We worked with two guys, Rich Hordinski and Matt Moermond, at a place called Monastery Studio in Over the Rhine (downtown Cincinnati), Ohio. We had initially heard about Rich and his studio from a few local artist friends of ours that had been recording there. They spoke very well of him and what he did so we decided to try him out to record two songs. Originally we were going to just make a 7” single for Record Store Day but after the two songs were recorded we got a call from Rich and he wanted to know if we’d be interested in some time in the studio with Matt Moermond. We said yes. Matt had been at the studio with us for the two songs and he was someone that we really trusted with our sound. The whole process was incredible, we honestly feel very fortunate to have been able to do it.
Any advice for new D.I.Y. bands just starting out?
Yeah, DIFY, do it for yourself. What it meant to be a DIY band in the 80s or the 90s with underground touring networks and zine’s is different from what it means to be a band today when at some point in 2008 there were allegedly 8 million bands on Myspace (RIP) and the best way to get ahold of higher up blogs today is to enter contests on Reverbnation. DIY was what it was because people supported it; there were communities of people that wanted to go to shows where they didn’t know who was playing. But that doesn’t exist anymore so it’s so important to understand that playing music without the blessing of major influencers has to be because you love to play it, not because you think you’ll “make it.” Ian MacKeye of Fugazi would always get asked about the formula to being a successful DIY band and he once said, “You ask me what Fugazi is about and I say Fugazi is about being a band… our job is to be a band and to play.” We say do that. Figure out what being a band means to you and play. Don’t figure out what other people want to hear, play to suit them and then be band. Disney Records does a better job of that than you ever will.
How important is social networking/media for bands like you?
It’s crucial. Part of our philosophy as a band has always been that it would help us grow closer together and help us mature as people. For us, that meant college, jobs, marriages and Chris having a kid. That all made touring something we decided not to do in the beginning. We’ve always felt, and still feel, that we should go on tour in response to people wanting us to come rather than trying to get them to go. We watched too many local bands go out on tours and get burned by it. Bands would break up, no one would go to their shows and they’d have hard times getting jobs. We didn’t look down on it, we just thought there were too many people going that route and not having much success for us to try it. So, we came up with plans outside of touring to share our music with people. For the last year, that has primarily been centralized around social networking and media. In early 2011 we started filming and editing videos from our more intimate performances and putting them on YouTube with the hope that people would be able to experience a part of what we’re doing from home (which is what we all do with every band we’ve never seen live). Then this past summer we decided to make a website and, in the spirit of DIY, I coded the whole thing myself. I had no idea how to do any of it either, it was insanely difficult. Beyond that, we became social without our social media accounts.
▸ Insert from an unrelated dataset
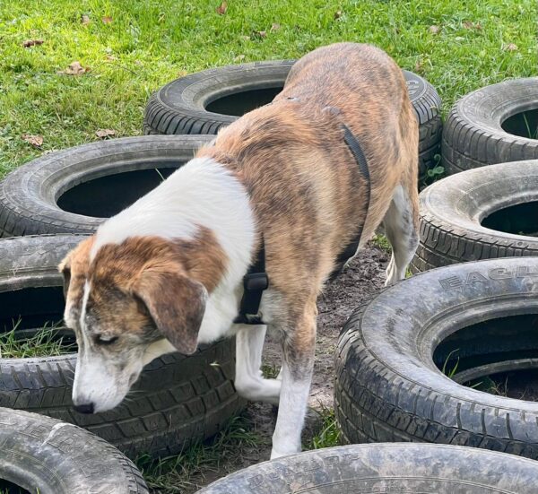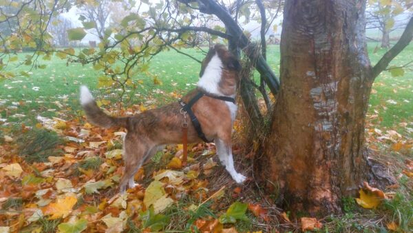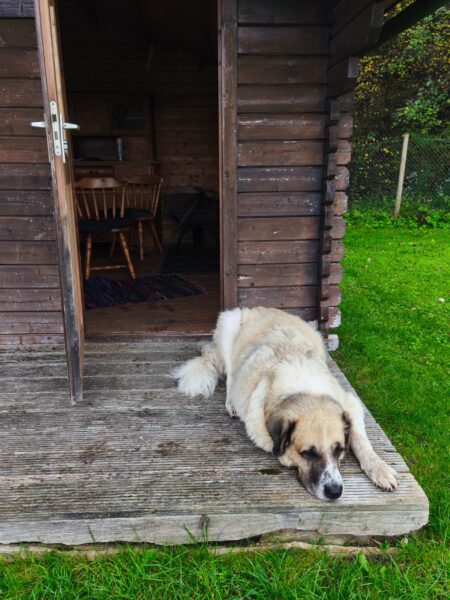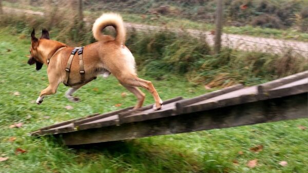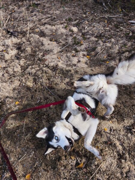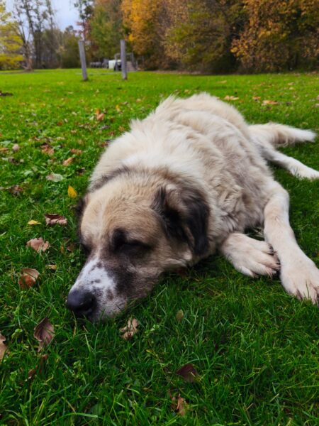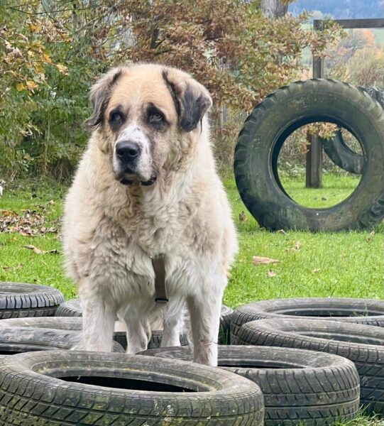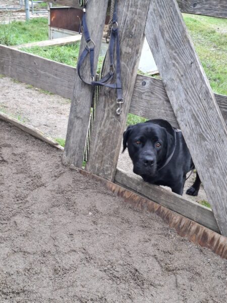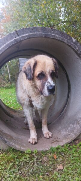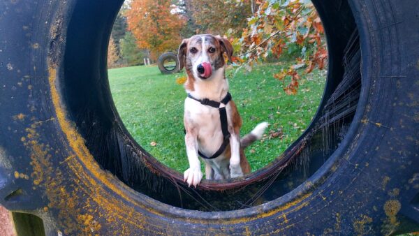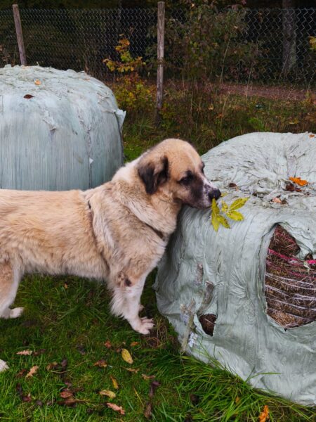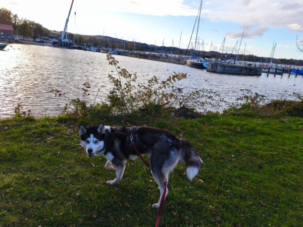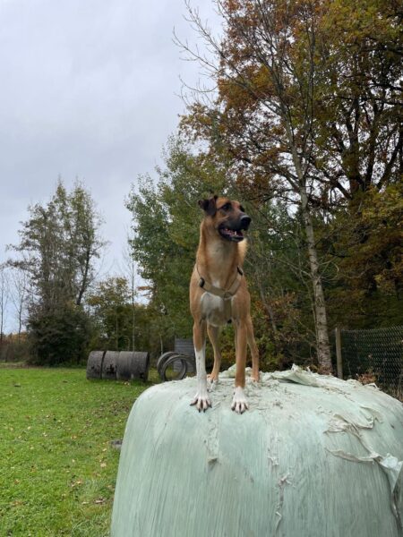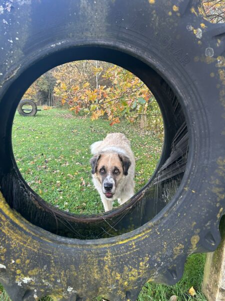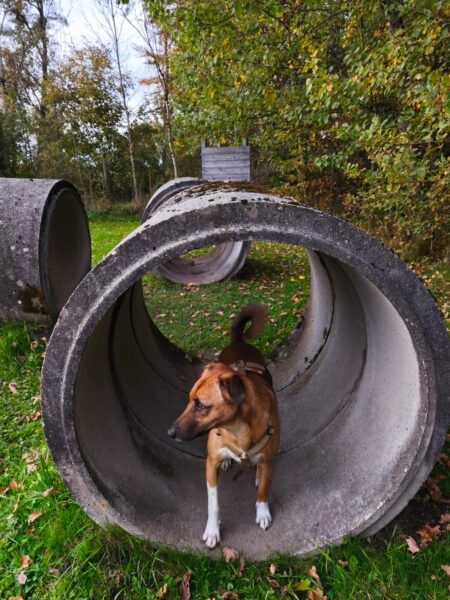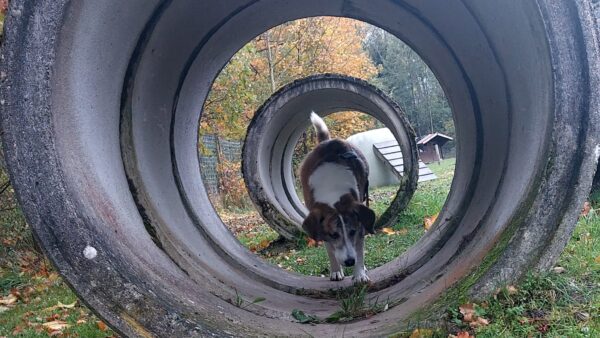 Als Carsten mit Aslan auf dem Hundeplatz war, schnüffelte der in aller Ruhe auf den Spuren der Hunde, die vor ihm hier gewesen waren und freute sich an den Reifen über ausgelegte Leckerchen, die er konzentriert einsammelte. Zwischendrin legte er sich immer mal wieder hin, um sich auszuruhen und die Gegend zu beobachten. Die Nässe machte ihm dabei dank seines dicken Pelzes nichts aus. 🙂

All of this has allowed us to share our music with people without hurting what our music comes out of, our lives.
Any shows coming up?
Yes. The show for the album release party on March 24th here in Cincinnati, a house show in Lexington, KY late April and possibly a short tour out of that if we can find interest. If we don’t go on a quick tour we’ll make a lot of YouTube videos.
Perfect day, driving in your car with the windows down, what are you listening to?
There’s Nothing Wrong with Love by Built to Spill, This Is a Long Drive for Someone with Nothing to Think About by Modest Mouse, Lift Your Skinny Fists like Antennas to Heaven by Godspeed! You Black Emperor, Those Who Tell the Truth Shall Die, Those Who Tell the Truth Shall Live Forever by Explosions in the Sky, Mean Everything to Nothing by Manchester Orchestra and, of course, Zuma by Neil Young & Crazy Horse. If we ever write an album like any of those, we win.